### SUPPLIED INFORMATION
==============================

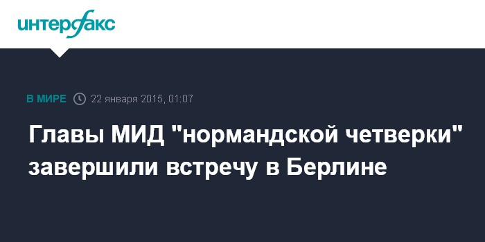 Москва. 22 января. INTERFAX.RU - Встреча глав МИД нормандской четверки (Россия, Украина, ФРГ, Франция) завершилась в Берлине.
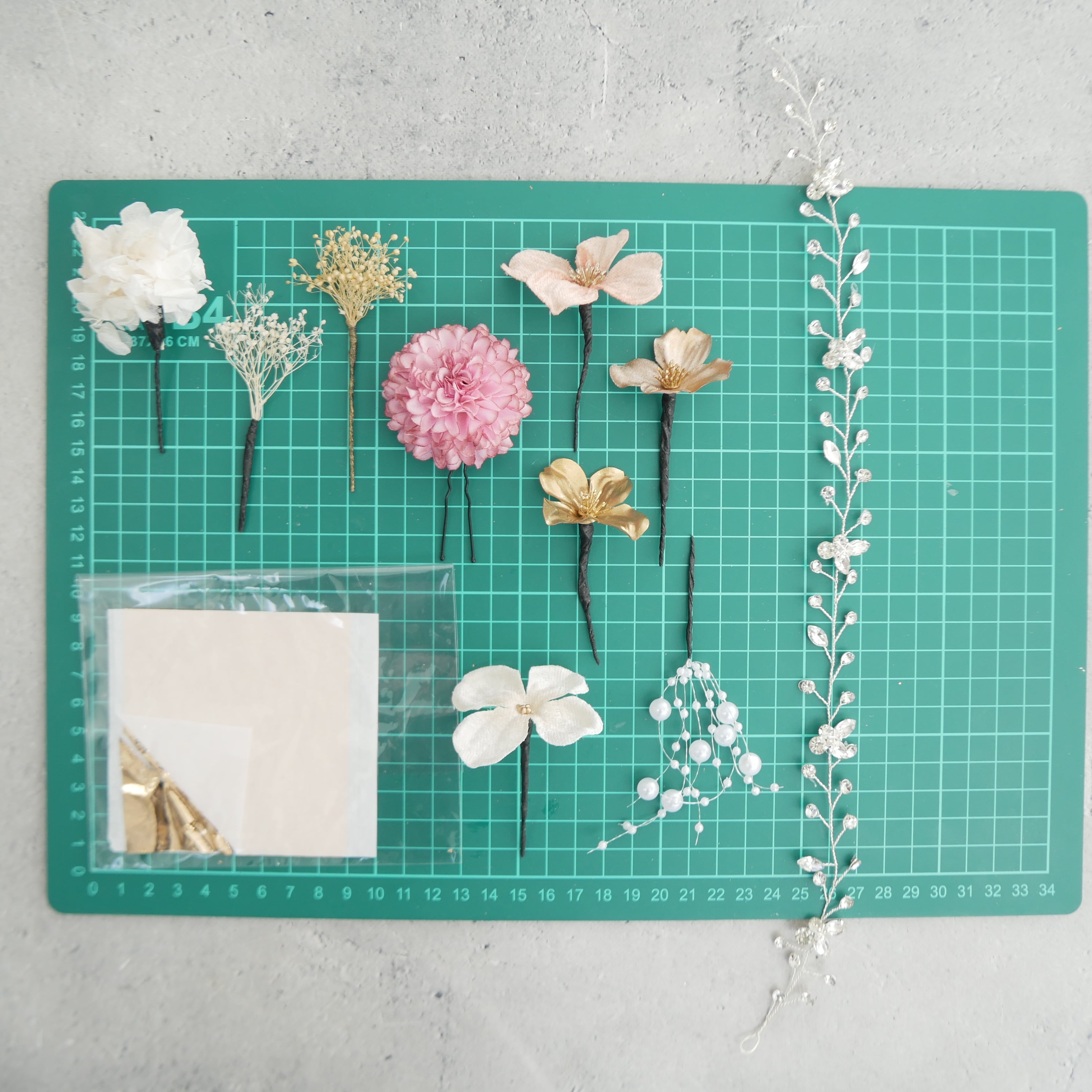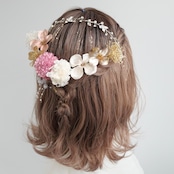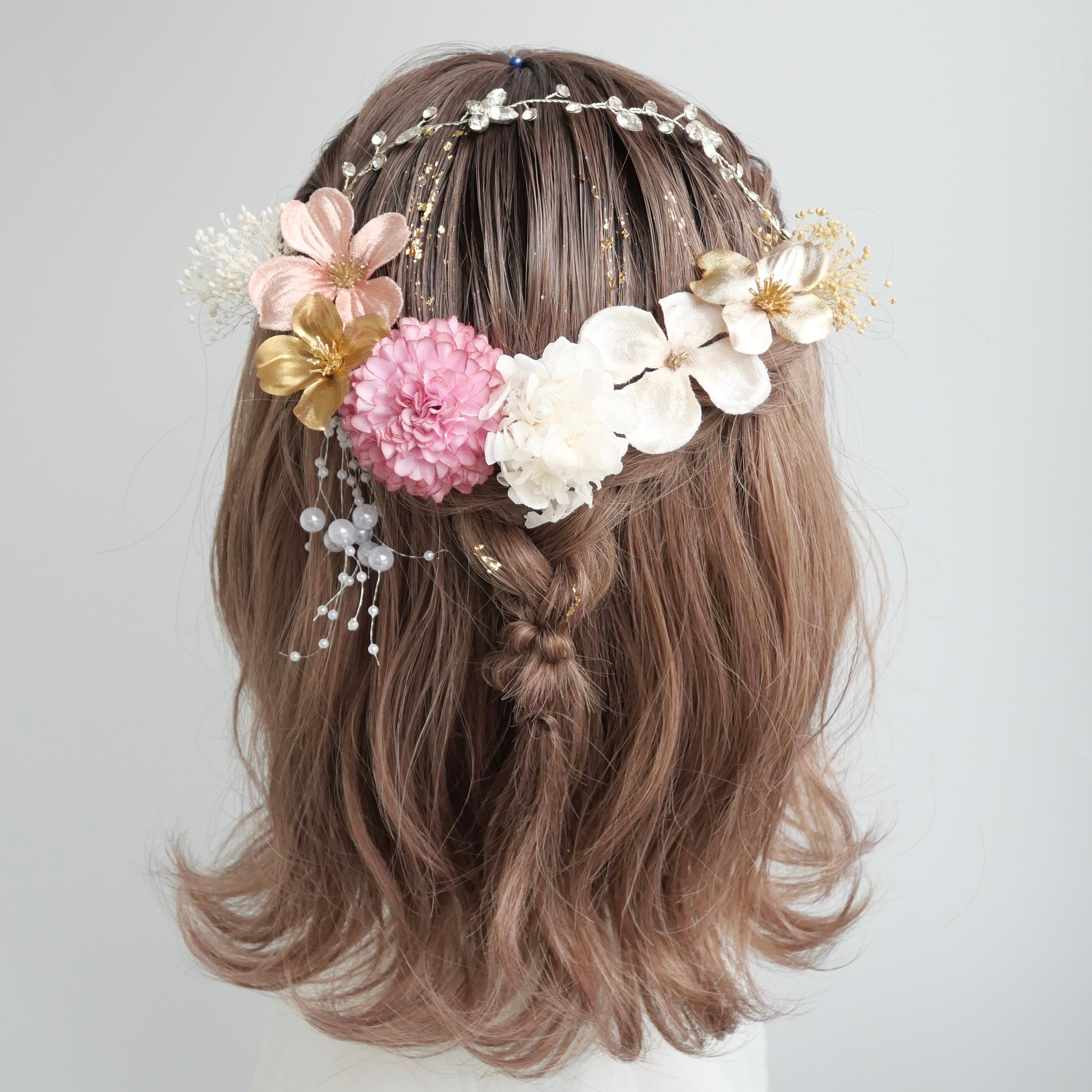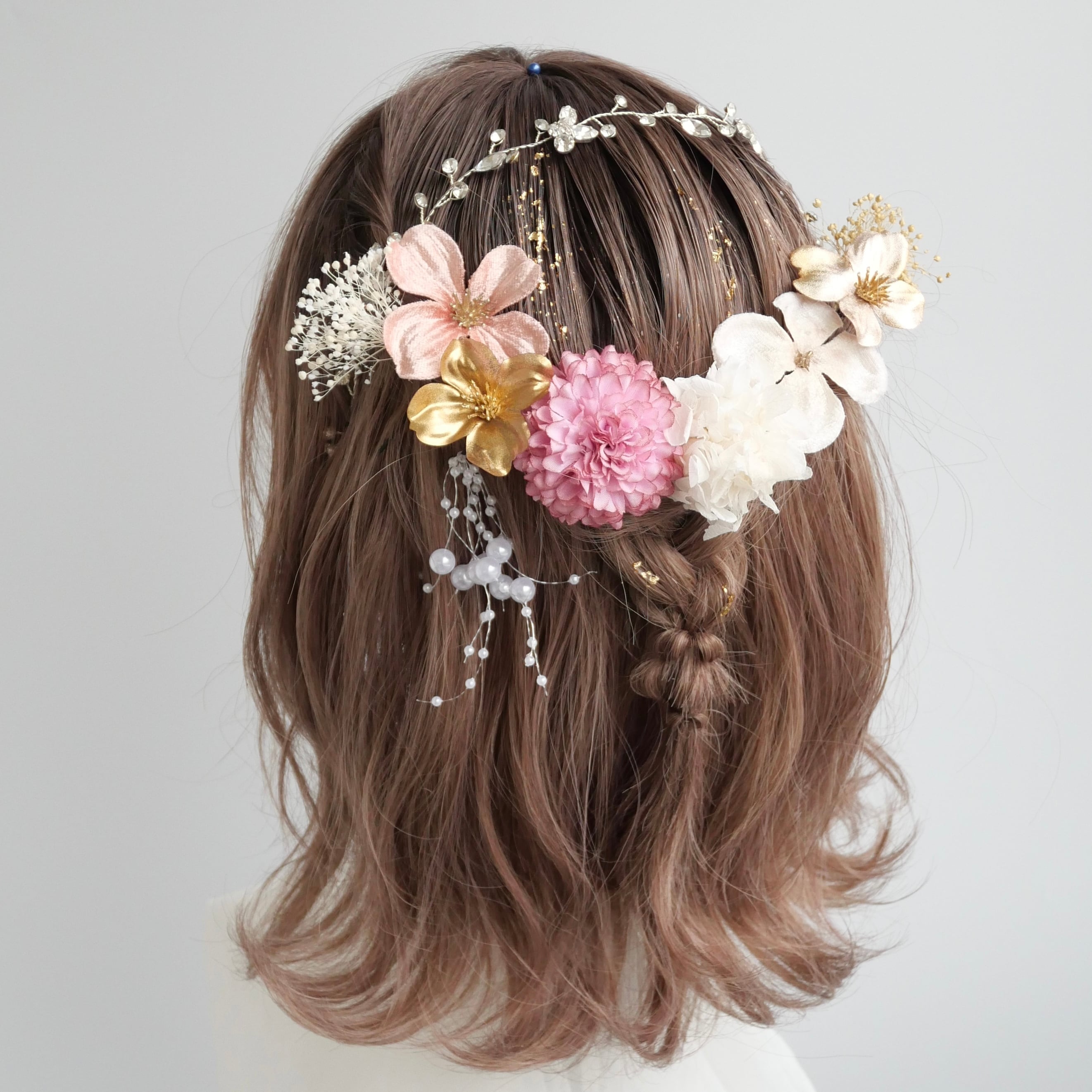 淡いピンクやホワイト、ゴールドを基調に、繊細な小花・パールをバランスよく組み合わせました。後ろ姿をぐっと華やかに見せながらも、派手すぎず大人っぽい印象に仕上がります。
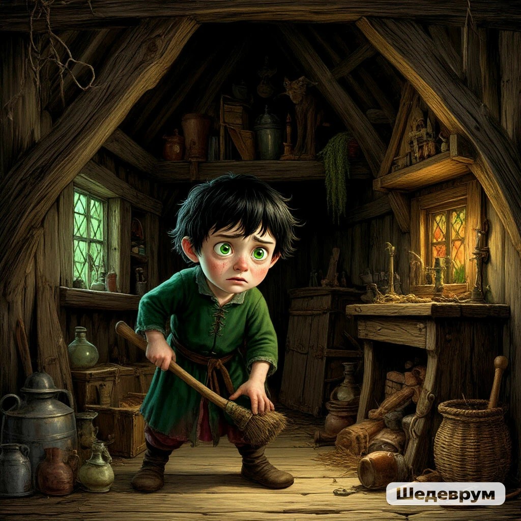 Бывало заберётся на чердак, тихо всхлипывает и злится, что ему опять приходилось бегать по всему волшебному лесу за ядовитыми травами, поганками и разными штуками, отбиваться от ужасных оборотней, готовых загрызть всё живое человекообразное или терпеть насмешки русалок, уносить клиентам и клиенткам старухи-ведьмы их заказы... Только вместо благодарности он, то и дело, получал пинок, шлепок тряпкой и ругань. В минуты тишины маленький будущий злой колдун ненавидел свою приёмную бабку, ненавидел её клиентов и клиенток, мечтал только об одном-отомстить им всем. Мечтал:" Вот стану взрослым злодеем, захвачу мир , стану правителем и всех этих уничтожу!" Разумеется ,он имел в виду своих обидчиков. Но, кто ж его научит колдовству? Люцилла не доверяла ему ничего, сама зелье варила, он редко ей помогал в этом. Лишь иногда подглядывал украдкой. Мальчишку такой расклад совсем не устраивал.
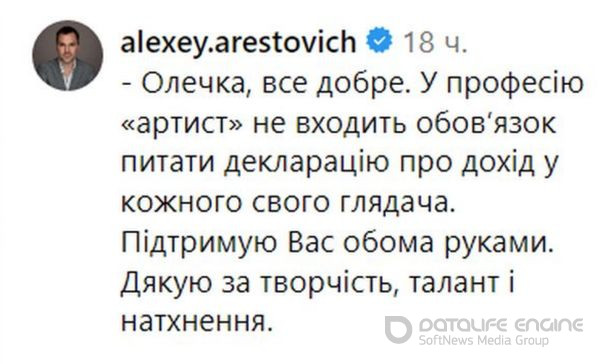 «Олечка, все добре. У професію „артист“ не входить обовʼязок питати декларацію про дохід у кожного свого глядача. Підтримую вас обома руками. Дякую за творчість, талант і натхнення», — написав він у коментарі.

==============================

### BRIEF
Could you reproduce exactly the lines running from the one with "淡いピンクやホワイト、ゴール" through the final line of the listing above, both included, and drop the pictures?

### WRITTEN RESPONSE
 淡いピンクやホワイト、ゴールドを基調に、繊細な小花・パールをバランスよく組み合わせました。後ろ姿をぐっと華やかに見せながらも、派手すぎず大人っぽい印象に仕上がります。
 Бывало заберётся на чердак, тихо всхлипывает и злится, что ему опять приходилось бегать по всему волшебному лесу за ядовитыми травами, поганками и разными штуками, отбиваться от ужасных оборотней, готовых загрызть всё живое человекообразное или терпеть насмешки русалок, уносить клиентам и клиенткам старухи-ведьмы их заказы... Только вместо благодарности он, то и дело, получал пинок, шлепок тряпкой и ругань. В минуты тишины маленький будущий злой колдун ненавидел свою приёмную бабку, ненавидел её клиентов и клиенток, мечтал только об одном-отомстить им всем. Мечтал:" Вот стану взрослым злодеем, захвачу мир , стану правителем и всех этих уничтожу!" Разумеется ,он имел в виду своих обидчиков. Но, кто ж его научит колдовству? Люцилла не доверяла ему ничего, сама зелье варила, он редко ей помогал в этом. Лишь иногда подглядывал украдкой. Мальчишку такой расклад совсем не устраивал.
 «Олечка, все добре. У професію „артист“ не входить обовʼязок питати декларацію про дохід у кожного свого глядача. Підтримую вас обома руками. Дякую за творчість, талант і натхнення», — написав він у коментарі.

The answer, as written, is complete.